If neither the medium nor the subject matter is determinative in resolving the threshold question of whether something constitutes speech, then the two critical guiding concepts from this pair of 2011 cases appear to be “ideas”--as used in Brown in the phrase “communicate ideas”88--and “information”-- as used in Sorrell in the phrase “creation and dissemination of information.”89 The notion that speech, for First Amendment purposes, is defined as the communication or expression of ideas comports with previous observations by the Supreme Court.90 This focus on information and ideas is also in accord with the “marketplace of ideas”--a venerable theory of free speech that underlies so much of First Amendment jurisprudence and that centers on the notion of ideas, namely the marketplace of ideas.91 For example, the Court tends to defend speech from *560 government censorship by reference to the ideas being conveyed, as in Texas v. Johnson, where it proclaimed that “[i]f there is a bedrock principle underlying the First Amendment, it is that the government may not prohibit the expression of an idea simply because society finds the idea itself offensive or disagreeable.”92 Thus, under long-standing Supreme Court doctrine and First Amendment principle, speech, broadly defined, involves ideas and their communication.
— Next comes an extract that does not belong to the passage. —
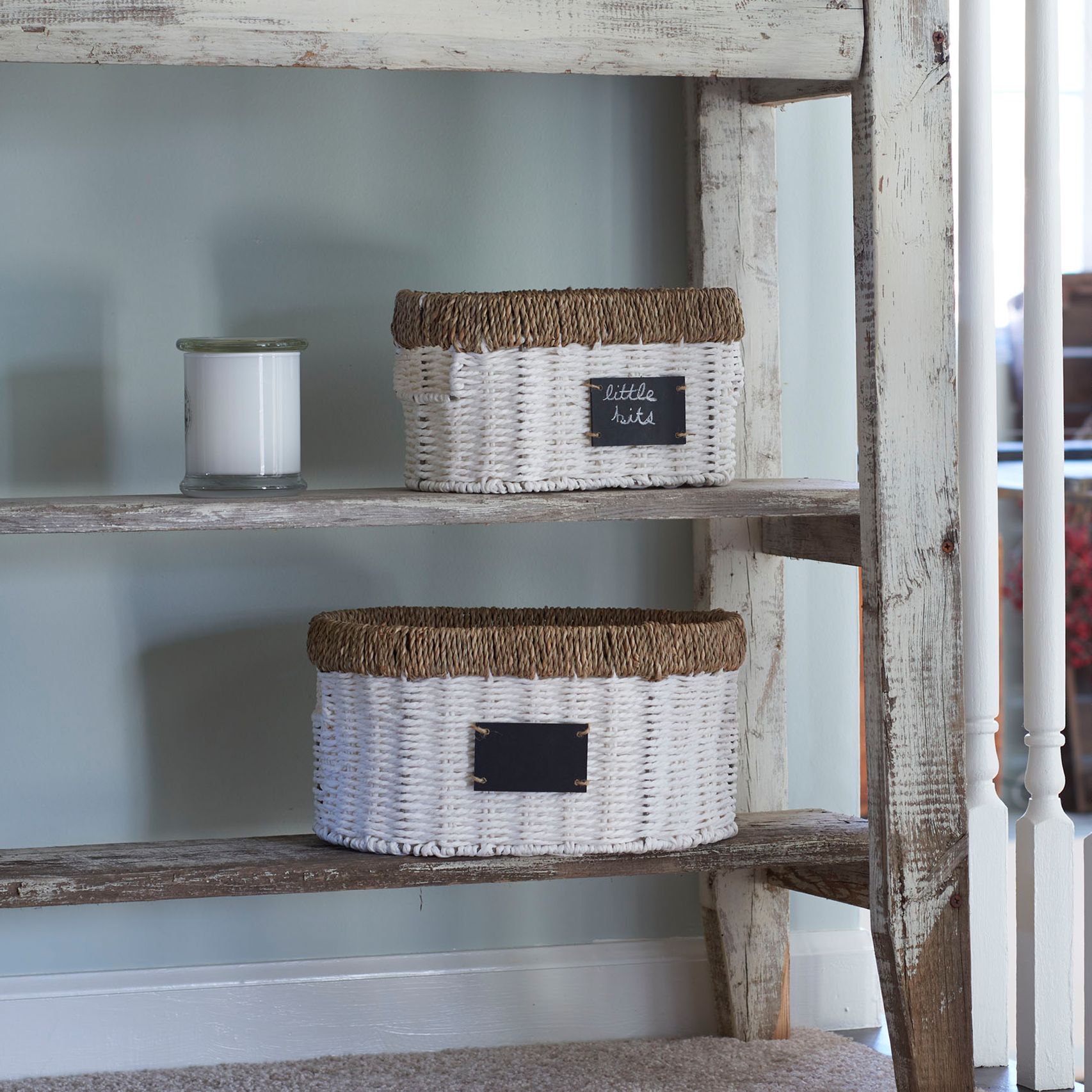 Natural Trim White Woven Oval Baskets - 2 pc. Set Paper Rope and Seagrass

Yet additional analysis may be required to determine whether specific categories of idea communication constitute speech. For example, Justice Scalia’s reference in Brown to “literary devices”93 intimates that, in the media-artifact context, speech must somehow tell a story or possess certain elements of storytelling. However, it seems logical that the presence of such devices is merely a sufficient (rather than necessary) condition for finding an instance of speech, given what Justice Kennedy described in United States v. Alvarez as the “vast realm of free speech.”94 And with respect to the expressive-conduct variety of speech, although the Supreme Court has never provided a clear definition for “speech,” in Parcell, it adopted a test for determining whether expressive conduct constitutes speech.95


*561 Thus, at the end of the legal day, as Professor Schauer wrote three decades ago, speech is “a term of art in the phrase ‘freedom of speech,”’ and it essentially “is not possible to offer any simple definition of ‘speech’ in terms of equivalent words or of concrete things to which it refers.”96


It was into this milieu of definitional imprecision that, as described in the next three parts of this Article, lower courts found themselves grappling with the question of whether certain products and processes constitute speech. Part III of this Article begins to explore these controversies by addressing intersections of law and culture surrounding the question of whether tattoos and tattooing are speech as that term is used in the First Amendment.